R: is it possible to calculate word burstiness with quanteda or any other text mining R package?

We are using burstiness for terminology/lexicon induction from text corpora.

We have currently implemented a R script based on one of the formulas of Burstiness Similarity described in Section 2.6 of the following article: Ann Irvine and Chris Callison-Burch (2017). A Comprehensive Analysis of Bilingual Lexicon Induction. Computational Linguistics Volume 43 | Issue 2 | June 2017 p.273-310. https://www.mitpressjournals.org/doi/full/10.1162/COLI_a_00284

As far as I know, Katz was one of the first scientists who used the concept of burstiness for language modelling (see Justeson, J. S. and Katz, S. M. (1995). Technical terminology: some linguistic properties and an algorithm for identification in text. Natural Language Engineering, 1:9–27; Katz, S. (1996). Distribution of content words and phrases in text and language modelling.Natural Language Engineering, 2(1):15–60.)

We would like to use off-the-shelf burstiness implementations for comparison and for the evaluation of our script.

I would like to know whether there exist R packages or R functions that identify bursty words in text corpora. I would be particularly interested in any solutions based or leveraging on Quanteda, since Quanteda an extremely versatile package for text statistics.

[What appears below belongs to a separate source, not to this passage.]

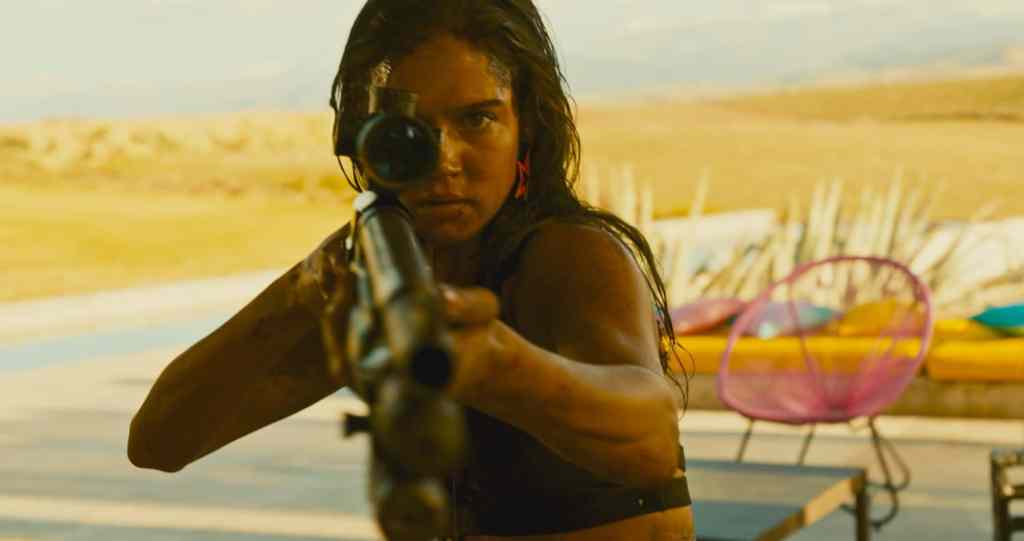 Revenge n’en reprend pas moins grosso modo le schéma typique du « rape film »; une trame en trois actes : viol, survie, vengeance, avec une représentation très graphique de la violence. Le « regard féminin » que la réalisatrice porte sur le genre se manifeste d’abord par une représentation plus authentiquement « féministe » de la protagoniste jouée avec beaucoup de cran par Mathilda Lutz . On devine ainsi très vite que son apparence initiale de poupée de luxe n’est qu’une façade. Chacune des crapules males se voit également attribuer des tares machistes distinctes auquel on a quand-même donné une graine d’humanité afin de ne pas juste en faire des caricatures trop bêtement simplistes sans relief et donc sans intérêt.

The only R package that I found so far is Package ‘bursts’ (February 19, 2015), which implements Kleinberg's burstiness. Kleinberg’s burst detection algorithm "identifies time periods in which a target event is uncharacteristically frequent, or “bursty.” This is not what I need since this approach is based on time series.

Help, suggestions, references are appreciated.

Cheers, Marina

Solution

I haven't found many public references about burstiness related to text analyses. I did come across Modeling Statistical Properties of Written Text.

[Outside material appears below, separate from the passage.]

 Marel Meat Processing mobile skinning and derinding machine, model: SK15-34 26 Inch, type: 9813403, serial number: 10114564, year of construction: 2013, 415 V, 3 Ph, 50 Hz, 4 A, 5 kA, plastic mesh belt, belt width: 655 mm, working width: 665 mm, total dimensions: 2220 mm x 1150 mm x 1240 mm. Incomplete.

If I'm reading the formula correctly in section 2.6 from the article you supplied, then it is the relative proportion of the words divided by the percentage of the documents in which the words appear.

I had hoped that using the dfm_tfidf function would get me there. But the scheme_df part of the function does not have a proportional document frequency option.

But we can use parts of quanteda's existing functions to put everything together.

Lets assume we having a document-feature matrix (dfm) called "docfm". Then the steps are like this

the relative proportion of the terms can be calculated by dfm_weight(docfm, scheme = "prop")
Getting the proportional document frequency is docfreq(docfm) / ndocs(docfm).

Now some matrix division calculations. Either apply or sweep will work. apply will return a matrix and needs to be transposed, sweep will return a dgeMatrix. In both cases you can turn them back into a dmf with as.dfm. Unfortunately both are dense matrices, so you might need to take this into account. Putting it all together:

Using apply:

t(apply(X = dfm_weight(docfm, scheme = "prop"), 1, "/",  (docfreq(docfm) / ndoc(docfm))))

Using sweep:

sweep(dfm_weight(docfm, scheme = "prop"), MARGIN = 2, STATS = docfreq(docfm) / ndoc(docfm), FUN = "/")